Aim of the task:
Up to and including the line bearing "崔莹副总经理表示,金山办公深", output every line of the entries exactly as written, starting from the first; pictures stay out.

Data:

______________________________

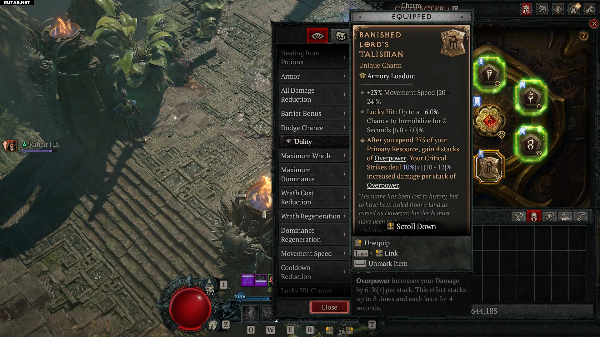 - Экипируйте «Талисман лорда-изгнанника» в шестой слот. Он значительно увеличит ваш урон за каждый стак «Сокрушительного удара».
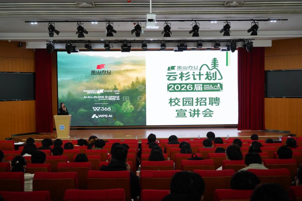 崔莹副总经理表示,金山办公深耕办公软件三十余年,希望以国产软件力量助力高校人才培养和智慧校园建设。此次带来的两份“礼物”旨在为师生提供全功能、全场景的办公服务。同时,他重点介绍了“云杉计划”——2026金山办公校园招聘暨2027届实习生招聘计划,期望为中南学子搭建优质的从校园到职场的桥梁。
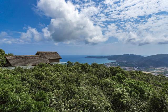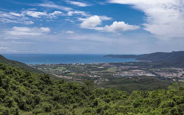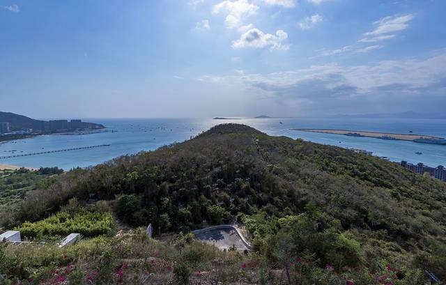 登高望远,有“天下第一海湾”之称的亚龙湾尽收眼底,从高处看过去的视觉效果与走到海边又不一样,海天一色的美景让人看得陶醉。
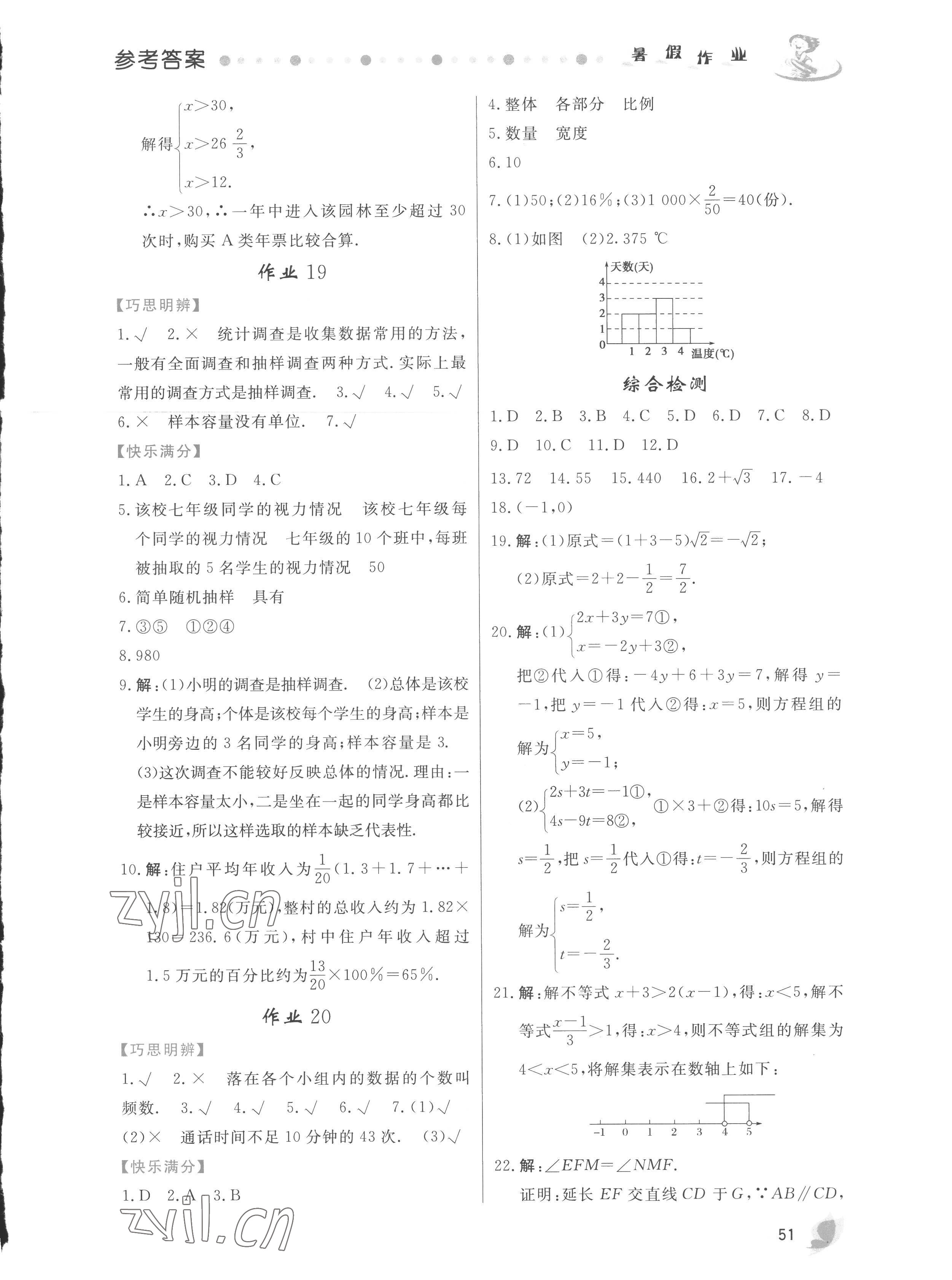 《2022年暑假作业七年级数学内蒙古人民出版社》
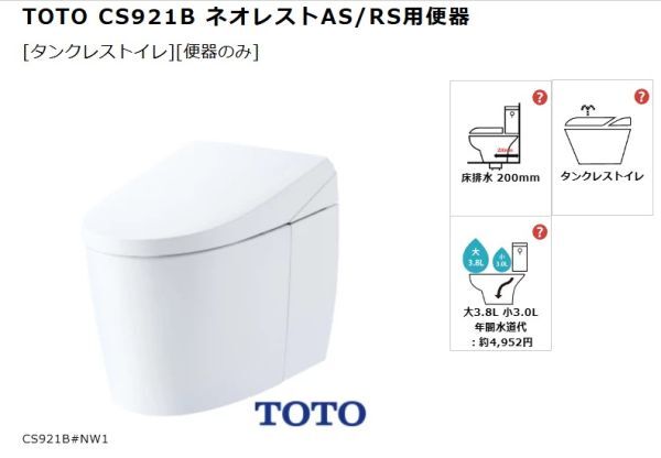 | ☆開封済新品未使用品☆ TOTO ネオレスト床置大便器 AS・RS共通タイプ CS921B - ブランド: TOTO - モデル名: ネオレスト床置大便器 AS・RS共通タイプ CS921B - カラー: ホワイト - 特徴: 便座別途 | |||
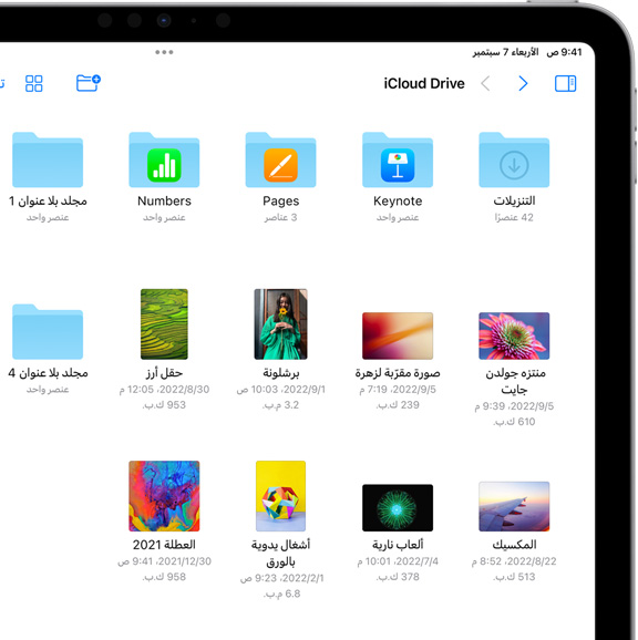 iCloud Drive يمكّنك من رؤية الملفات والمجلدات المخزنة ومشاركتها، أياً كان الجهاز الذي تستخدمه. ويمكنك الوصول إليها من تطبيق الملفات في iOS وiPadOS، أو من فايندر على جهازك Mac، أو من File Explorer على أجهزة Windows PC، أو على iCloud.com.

______________________________

Exercise response:
 - Экипируйте «Талисман лорда-изгнанника» в шестой слот. Он значительно увеличит ваш урон за каждый стак «Сокрушительного удара».
 崔莹副总经理表示,金山办公深耕办公软件三十余年,希望以国产软件力量助力高校人才培养和智慧校园建设。此次带来的两份“礼物”旨在为师生提供全功能、全场景的办公服务。同时,他重点介绍了“云杉计划”——2026金山办公校园招聘暨2027届实习生招聘计划,期望为中南学子搭建优质的从校园到职场的桥梁。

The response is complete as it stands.